Data excerpts —
----
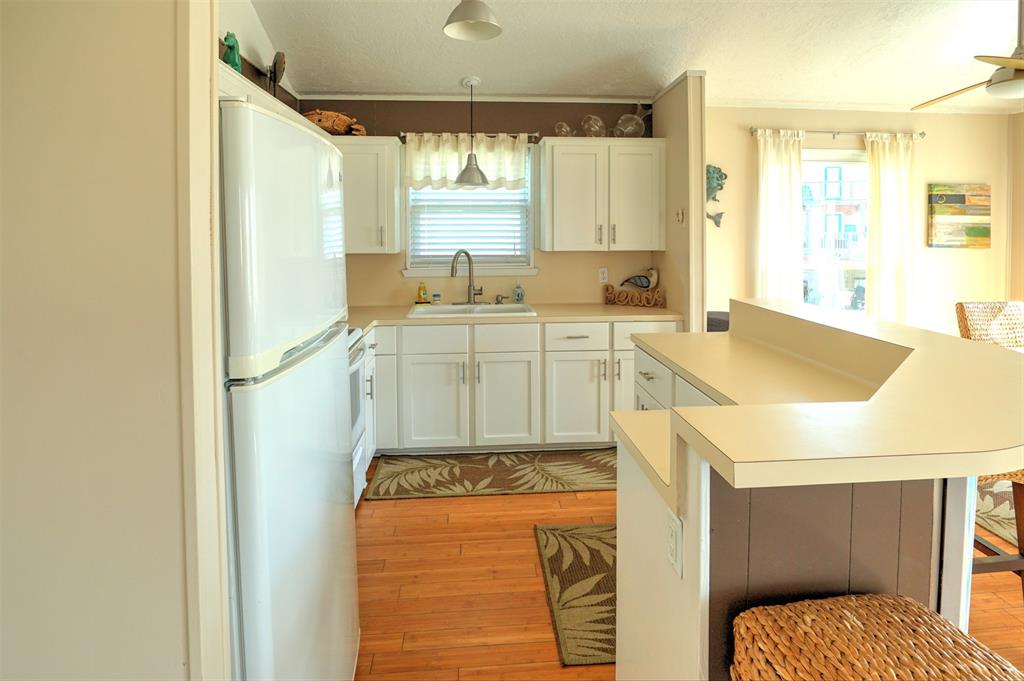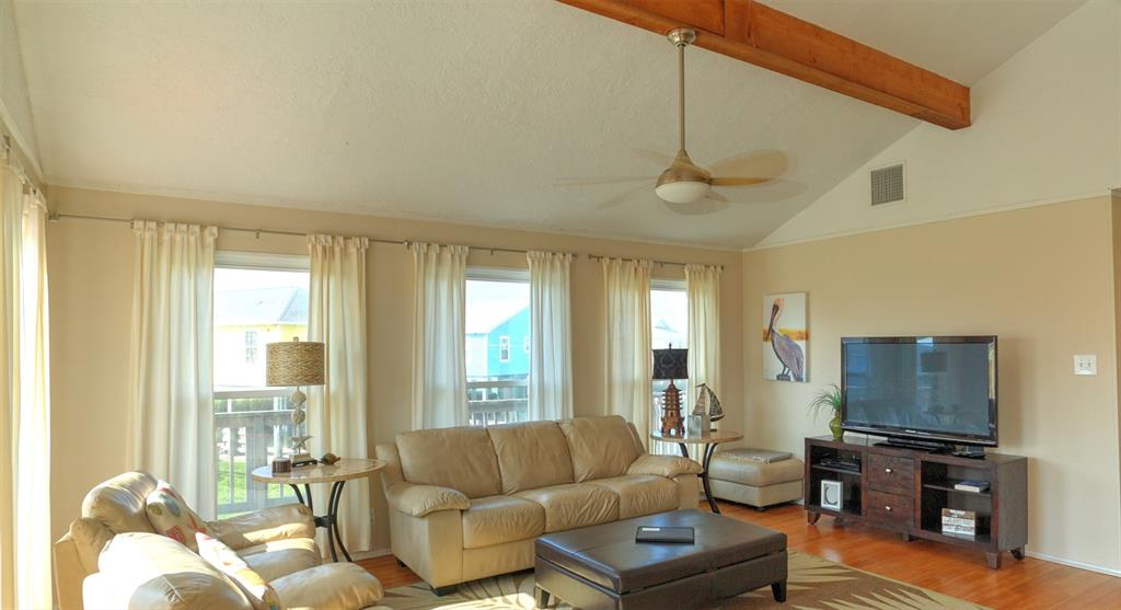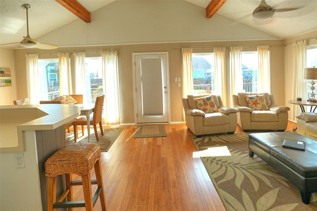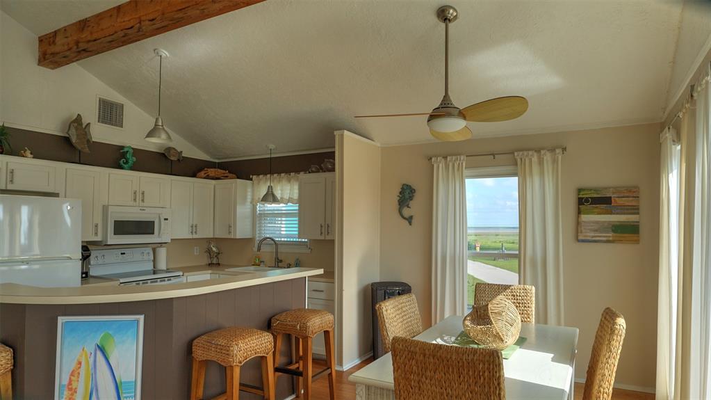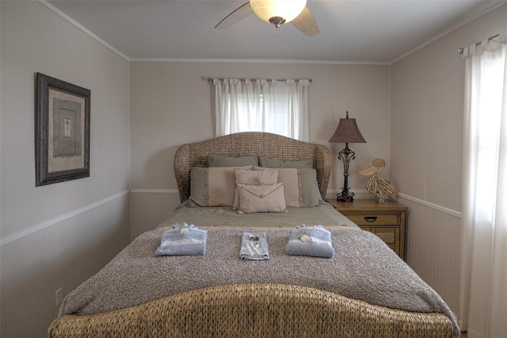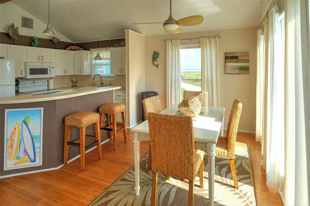 You will love this home. It is a popular rental, so please call ahead for showings. It is in a great location and is the perfect beach bungalow. This home sits looking to the east with views off the deck of the sunrise and stunning views of the bay. Access to the beach is a walking easement through the middle beachfront lots. The lots were angled when the subdivision. There is a small fenced area that you enter before going up the stairs. The large deck, many windows, and beach and bay views will all charm you and your guests. You enter off the deck into an open living/dining/kitchen area. There is a bar separating the kitchen and dining area. To the rear are the two bedrooms with the bath in between. It is open and relaxing. You will not want to leave. This home is adorable. Take time to schedule a showing soon.
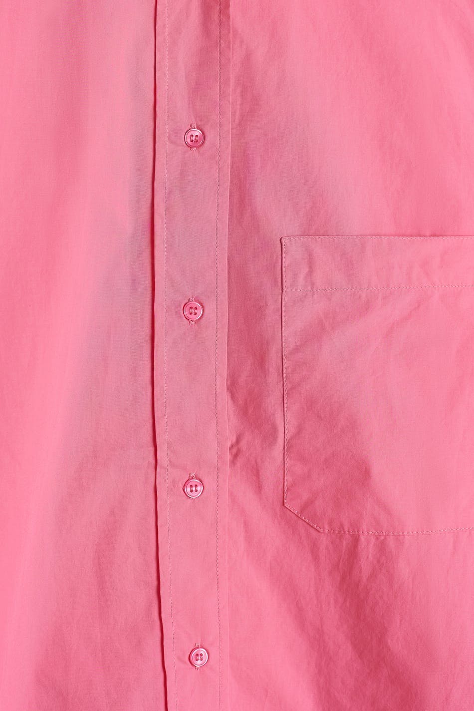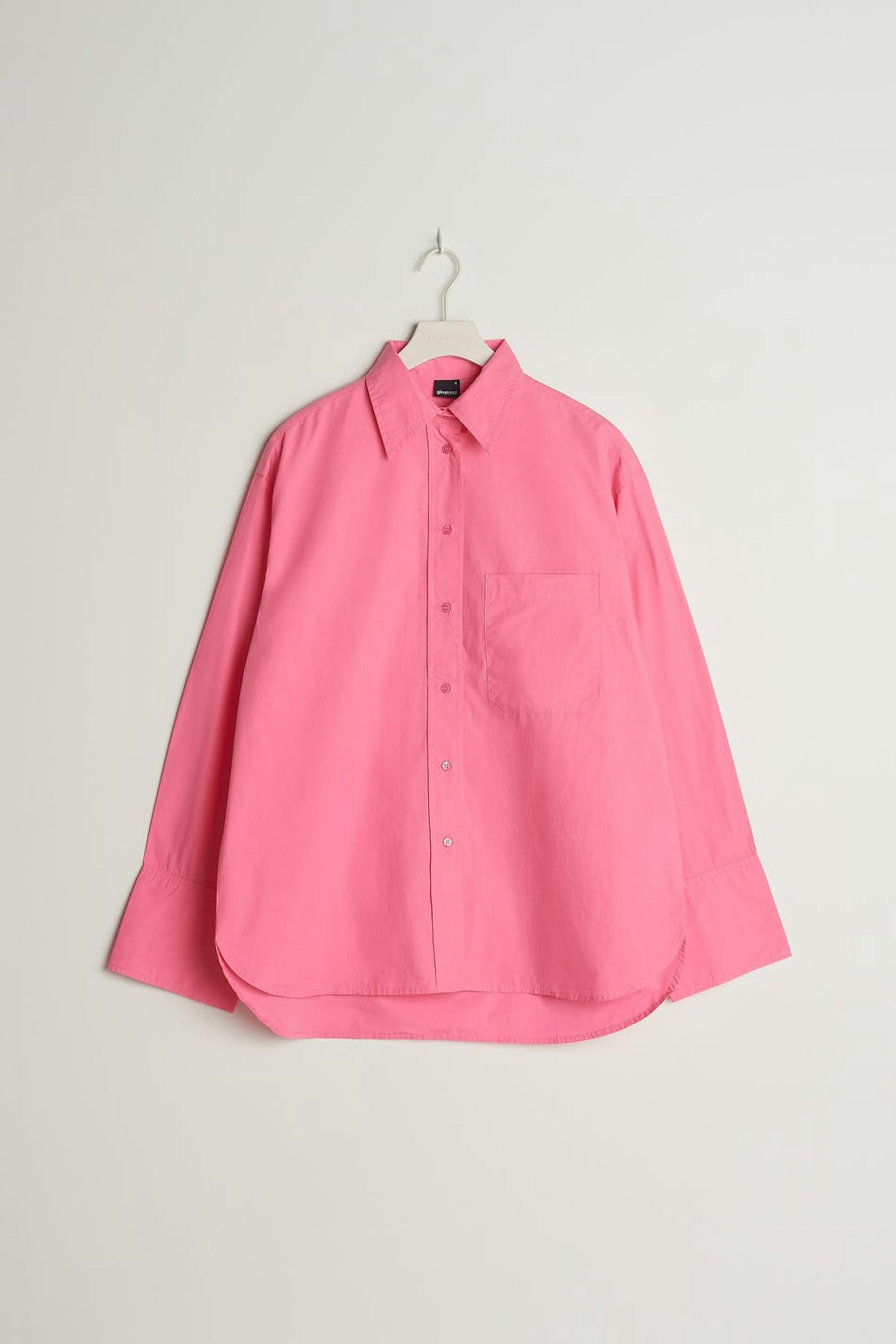 Hemd met een oversize pasvorm. Het hemd is roze en heeft knoppen aan de voorkant. Het is gemaakt van popeline en heeft een borstzak aan een zijde.
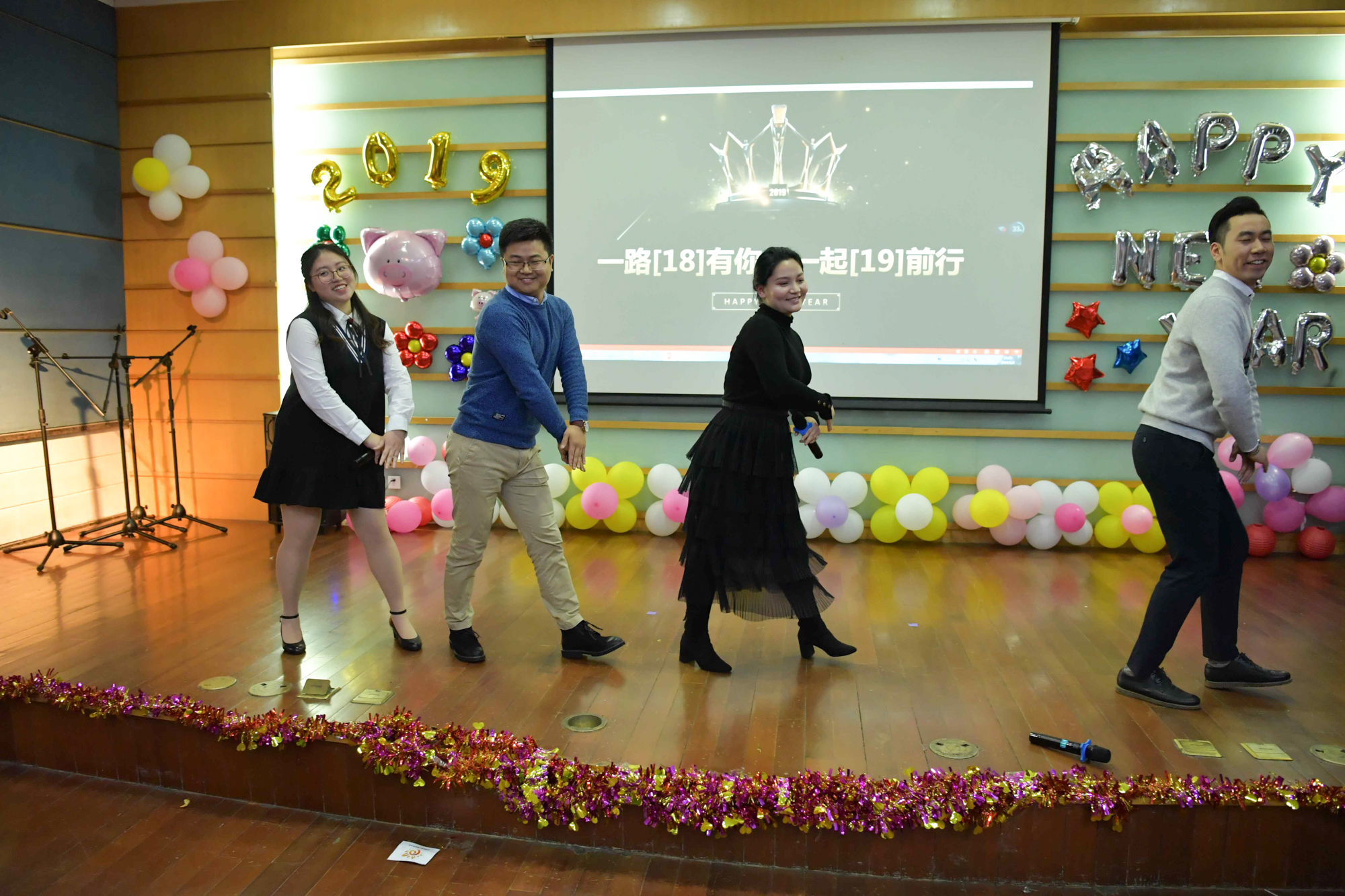 在最后的彩蛋——四位主持人“優美”的舞姿中,2019年學工新年聯歡會落下了帷幕。聯歡會全程歡聲笑語不斷、氣氛熱鬧非凡,為所有學工人送上了新年的問候。
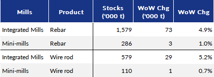 Table 5: Mills' Rebar and Wire Rod Stocks by Region by Jan 24
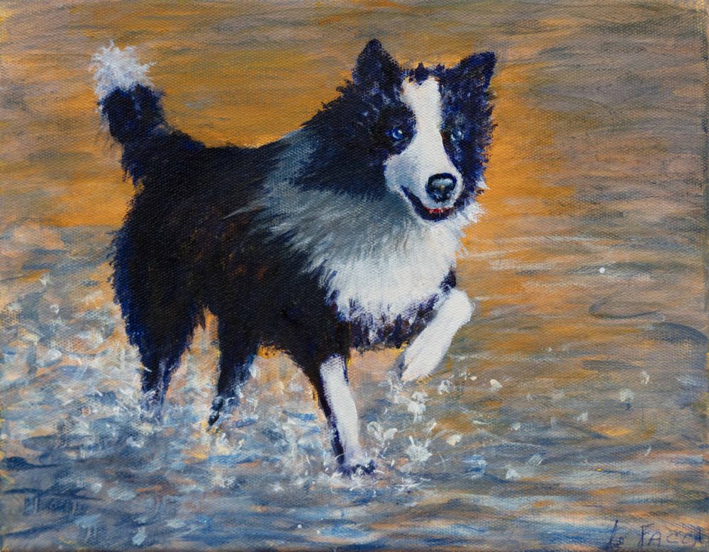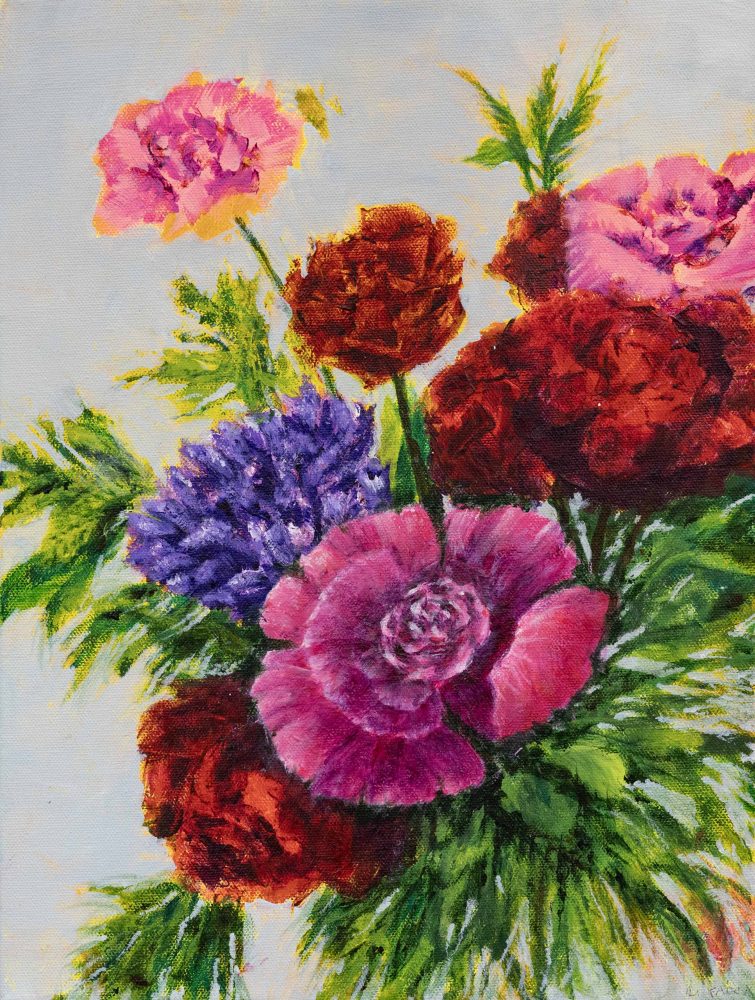 Her love of gardens, flowers, people and animals provide great subjects for painting. She likes to refer to her own photographs when developing compositions, and you will find an iPad among her favourite tools. If you ask her what is her style, she will reply that she still does not know, but likes to play around when exploring different techniques and various media. Although she started with watercolours, she has moved to acrylics, and mixed media.
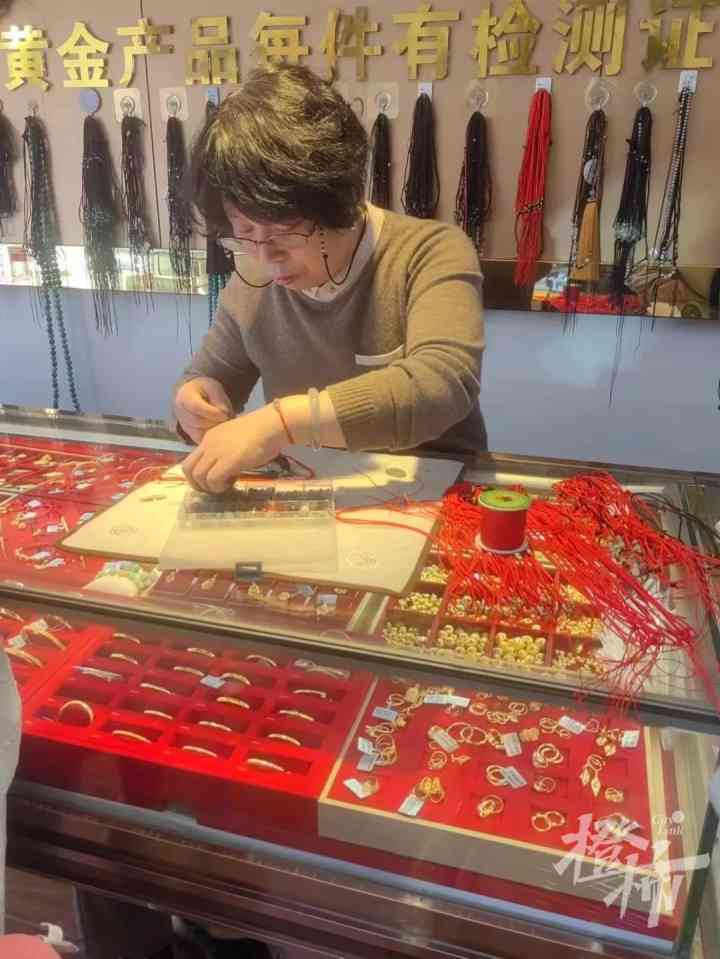 阿姨(方姐)是店里的“设计大师”,店里很多款式都是她自己设计的,彩金、钻戒改款,而且她的手非常巧,来店里买吊坠的小姑娘都指定要方姐来编绳结。
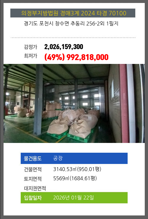 사건번호 2024 타경 70100 본건은 경기도 포천시 창수면 추동리 256-2외 1필지소재하는 공장경매 물건의 포스팅입니다. 건물면적 [ 3140.53㎡ (950.01평) ]토지면적 [ 5569㎡ (1684.61평) ] 시세를 반영한
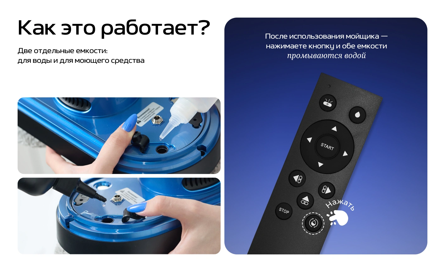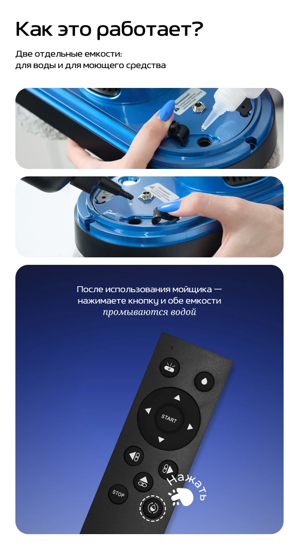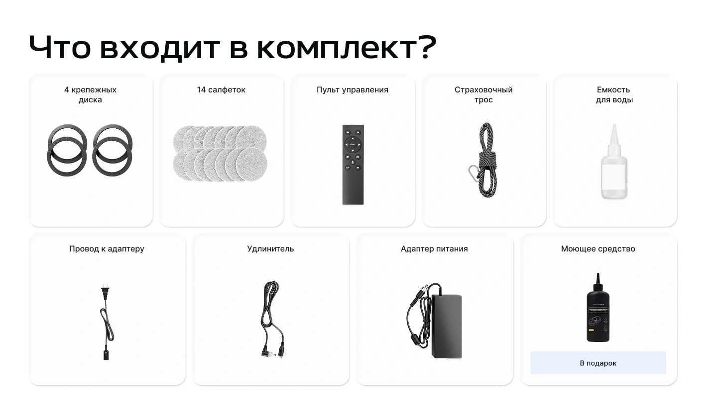 салфетки из микрофибры, крепежные диски, адаптер питания с удлинителем, флакон для переливания жидкости, пульт ДУ, страховочный трос
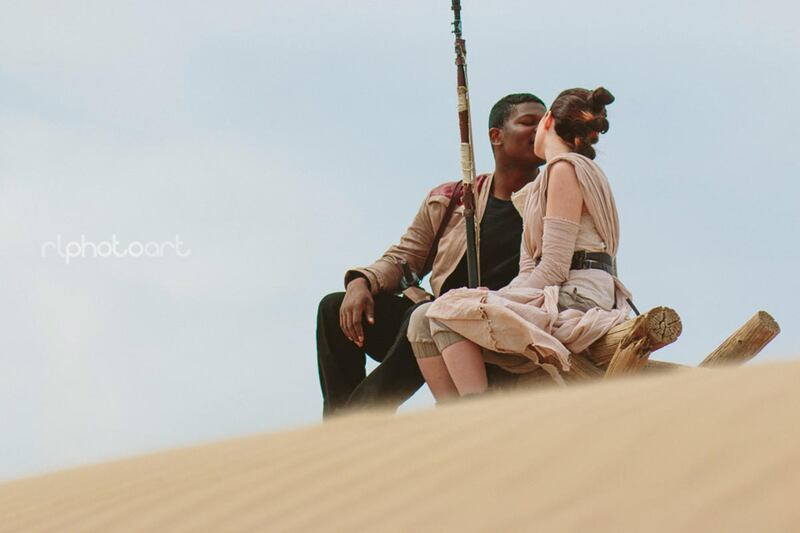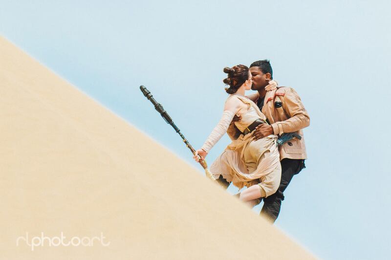 Together they created a Facebook page and a Twitter account titled "The real Finn and Rey," spent about three weeks responding to requests for interviews and more pictures. With their soon-to-be wedding photographer, Robert Lance, they set out to the Little Sahara sand dunes for a photo shoot recreating the fictional planet of Jakku where their characters first meet and including a breathtaking picture of Victor Sine dipping his costumed bride-to-be for a kiss atop a dune.
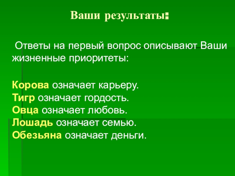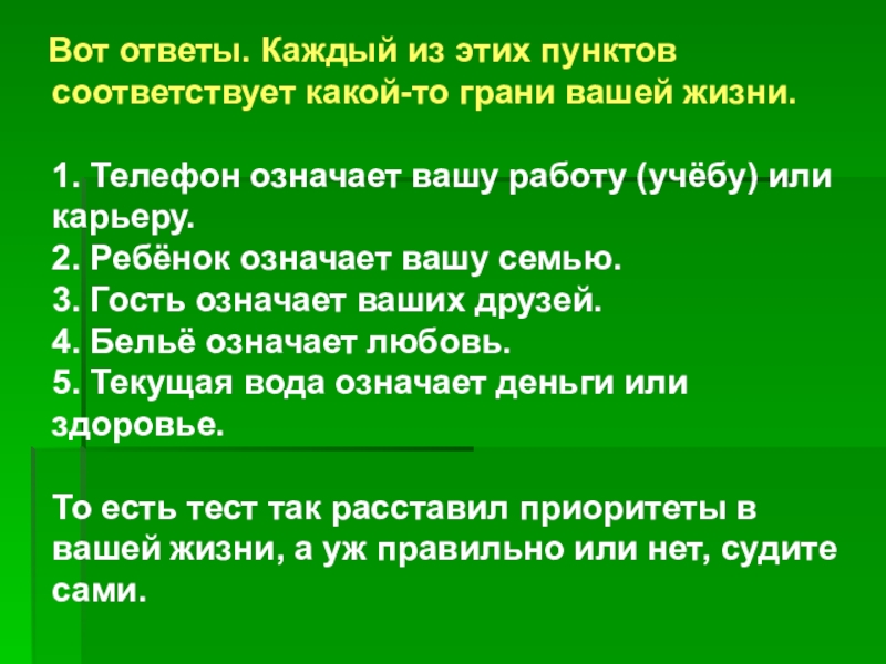 То есть тест так расставил приоритеты в вашей жизни, а уж правильно или нет, судите сами.
----
Aim of the exercise — With the images omitted, repeat all the data word for word.

Solution —
 You will love this home. It is a popular rental, so please call ahead for showings. It is in a great location and is the perfect beach bungalow. This home sits looking to the east with views off the deck of the sunrise and stunning views of the bay. Access to the beach is a walking easement through the middle beachfront lots. The lots were angled when the subdivision. There is a small fenced area that you enter before going up the stairs. The large deck, many windows, and beach and bay views will all charm you and your guests. You enter off the deck into an open living/dining/kitchen area. There is a bar separating the kitchen and dining area. To the rear are the two bedrooms with the bath in between. It is open and relaxing. You will not want to leave. This home is adorable. Take time to schedule a showing soon.
 Hemd met een oversize pasvorm. Het hemd is roze en heeft knoppen aan de voorkant. Het is gemaakt van popeline en heeft een borstzak aan een zijde.
 在最后的彩蛋——四位主持人“優美”的舞姿中,2019年學工新年聯歡會落下了帷幕。聯歡會全程歡聲笑語不斷、氣氛熱鬧非凡,為所有學工人送上了新年的問候。
 Table 5: Mills' Rebar and Wire Rod Stocks by Region by Jan 24
 Her love of gardens, flowers, people and animals provide great subjects for painting. She likes to refer to her own photographs when developing compositions, and you will find an iPad among her favourite tools. If you ask her what is her style, she will reply that she still does not know, but likes to play around when exploring different techniques and various media. Although she started with watercolours, she has moved to acrylics, and mixed media.
 阿姨(方姐)是店里的“设计大师”,店里很多款式都是她自己设计的,彩金、钻戒改款,而且她的手非常巧,来店里买吊坠的小姑娘都指定要方姐来编绳结。
 사건번호 2024 타경 70100 본건은 경기도 포천시 창수면 추동리 256-2외 1필지소재하는 공장경매 물건의 포스팅입니다. 건물면적 [ 3140.53㎡ (950.01평) ]토지면적 [ 5569㎡ (1684.61평) ] 시세를 반영한
 салфетки из микрофибры, крепежные диски, адаптер питания с удлинителем, флакон для переливания жидкости, пульт ДУ, страховочный трос
 Together they created a Facebook page and a Twitter account titled "The real Finn and Rey," spent about three weeks responding to requests for interviews and more pictures. With their soon-to-be wedding photographer, Robert Lance, they set out to the Little Sahara sand dunes for a photo shoot recreating the fictional planet of Jakku where their characters first meet and including a breathtaking picture of Victor Sine dipping his costumed bride-to-be for a kiss atop a dune.
 То есть тест так расставил приоритеты в вашей жизни, а уж правильно или нет, судите сами.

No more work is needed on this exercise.